Construction of Isogenic Mutant Strains

Isogenic unmarked mutant Bp strains carrying a 3.7 kb deletion of the TFP4 gene cluster were generated as previously described in Boddey et al., 2006 [66]. Briefly, a TFP4 (BPSL2749-BPSL2755) targeting vector was constructed and conjugated into Bp K96243. Integrants were selected on chloramphenicol plates (100 ug/ml) and confirmed by PCR. Merodiploid integrants were then cultured without selection and plated onto medium lacking sodium chloride but containing 15% sucrose to enrich for colonies carrying a deleted chromosomal locus.

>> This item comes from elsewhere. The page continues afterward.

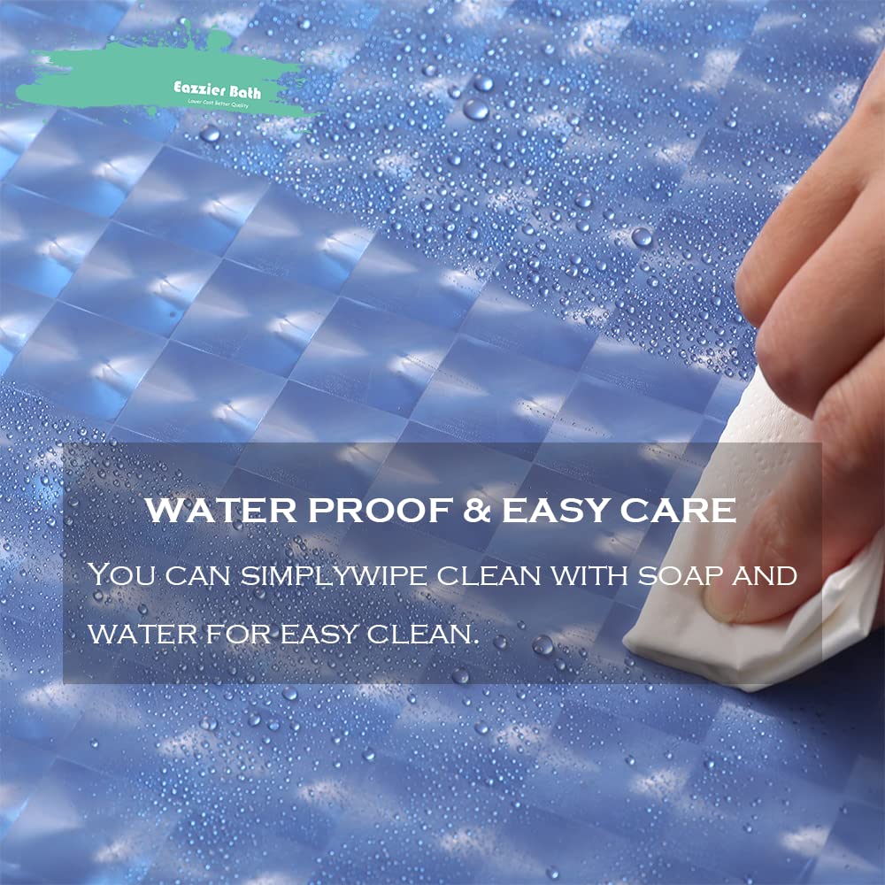 Q: Is the Eazzier Bath Navy Blue Shower Curtain Liner waterproof?A: Yes, the Eazzier Bath Navy Blue Shower Curtain Liner is made from 100% water-repellant material, ensuring that water rolls off quickly to keep your bathroom dry.

Bp TFP4 mutants were confirmed both by PCR and Southern blotting.

Mouse Virulence Studies

Virulence of wild-type and mutant Bp strains were assessed using an intranasal BALB/c mouse model as previously described [45]. Briefly, groups of six age-matched BALB/c female mice were anesthetized and infected intranasally with 10-fold dilutions (101–106) of either wild-type Bp K96243 or TFP5 deletion strains grown overnight at 37degC with shaking. Mice were recovered and survival was recorded for up to 51 days. The survival data was analyzed using the Mantel-Haenszel log rank test in GraphPad Prism 4 or by Regression with Life Data in MIniTAB v13.0, using a significance threshold of α = 0.05.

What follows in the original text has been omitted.